Epistrophe (Greek: ἐπιστροφή, "return"), also known as epiphora (and occasionally as antistrophe), is a figure of speech and the counterpart of anaphora. It is the repetition of the same word or words at the end of successive phrases, clauses or sentences. It is an extremely emphatic device because of the emphasis placed on the last word in a phrase or sentence.

Examples

  • Where affections bear rule, their reason is subdued, honesty is subdued, good will is subdued, and all things else that withstand evil, for ever are subdued. — Thomas Wilson
  • ... this nation, under God, shall have a new birth of freedom — and that government of the people, by the people, for the people, shall not perish from the earth. — Abraham Lincoln in the Gettysburg Address
  • When I was a child, I spoke as a child, I understood as a child, I thought as a child. —  The Apostle Paul, in the Bible, 1 Cor 13:11 (King James Translation)

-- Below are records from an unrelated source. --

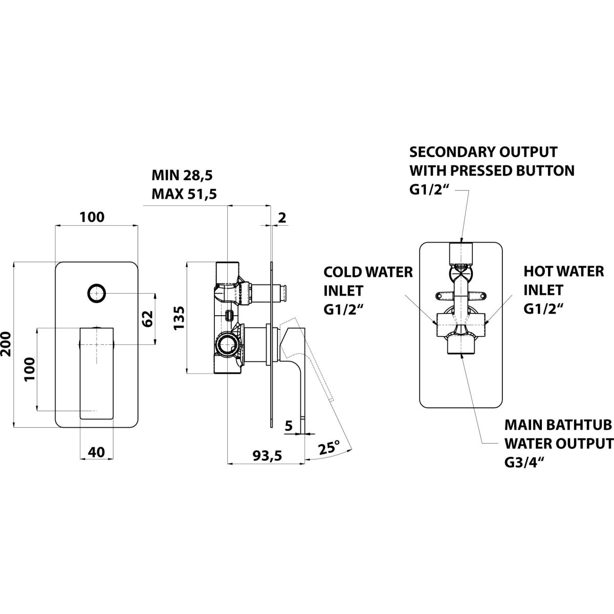 Sapho Forata badewannen- und duscharmatur Unterputz chrom FT042
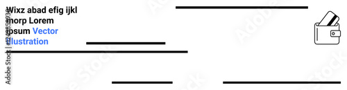 Digital wallet icon with three cards, accompanied by sample text lines in varying lengths. Ideal for financial services, digital payments, e-commerce, mobile banking, online shopping, web design
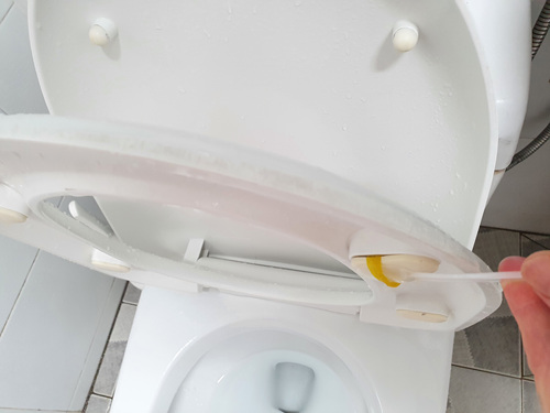 변기 커버를 올리면 안쪽 부분에 네 개의 압력을 지탱해 주는 것이 있는데요.
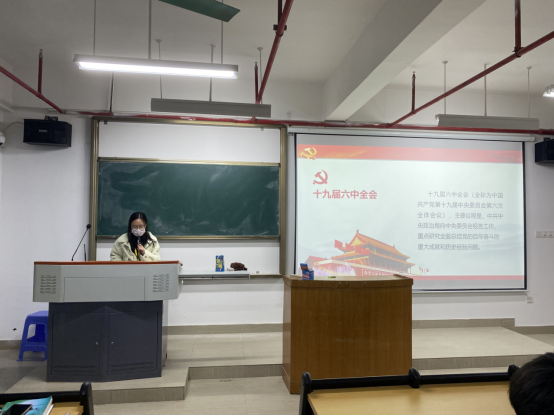 (通讯员:姚晓萍)11月24日晚,为学习贯彻党的十九届六中全会精神,深刻认识党的百年奋斗重大成就和历史经验的重大意义,我院学生第一党支部组织预备党员、发展对象于13栋504开展学习“十九届六中全会精神”主题会议,本次会议由姚冰婷同志担任主持人。
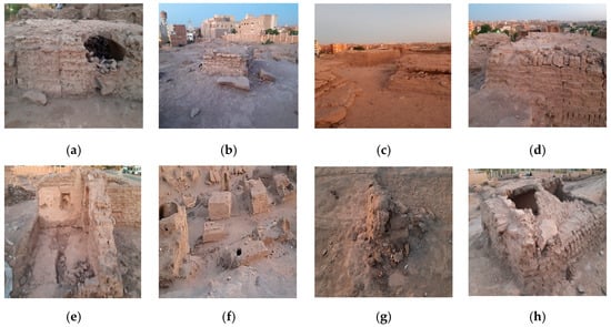 These tombs are predominantly constructed with mud brick adobe blocks, susceptible to various deterioration factors, as identified by [10]. The most significant factor is continuous neglect over the years, exacerbated by the absence of a clear preservation strategy [11]. The continuous environmental changes and the inherent weakness of building materials in these cemeteries lead to significant issues such as large cracks, partial loss of bricks, and partial or complete collapse, as noted by [12]. Therefore, urgent interventions are imperative, as illustrated in Figure 1e–h.

  • Senator Mike Mansfield's funeral oration for John F. Kennedy used the phrase "And she took a ring from her finger and placed it in his hands" five times.
  • "Epistrophy," a Thelonious Monk tune that uses an epistrophe of notes.
  • "There is no Negro problem. There is no Southern problem. There is no Northern problem. There is only an American problem." Lyndon B. Johnson in "We Shall Overcome"
  • " These sitters had been tongueless, earless, eyeless conveniences all day long." -Their Eyes Were Watching God ( Zora Neale Hurston)
  • "What lies behind us and what lies before us are tiny compared to what lies within us." — Ralph Waldo Emerson
  • "Hourly joys be still upon you! Juno sings her blessings on you. [. . .] Scarcity and want shall shun you, Ceres' blessing so is on you." — Shakespeare, The Tempest (4.1.108-109; 116-17)
File:Epistrophe.png
A birthday card making use of epistrophe.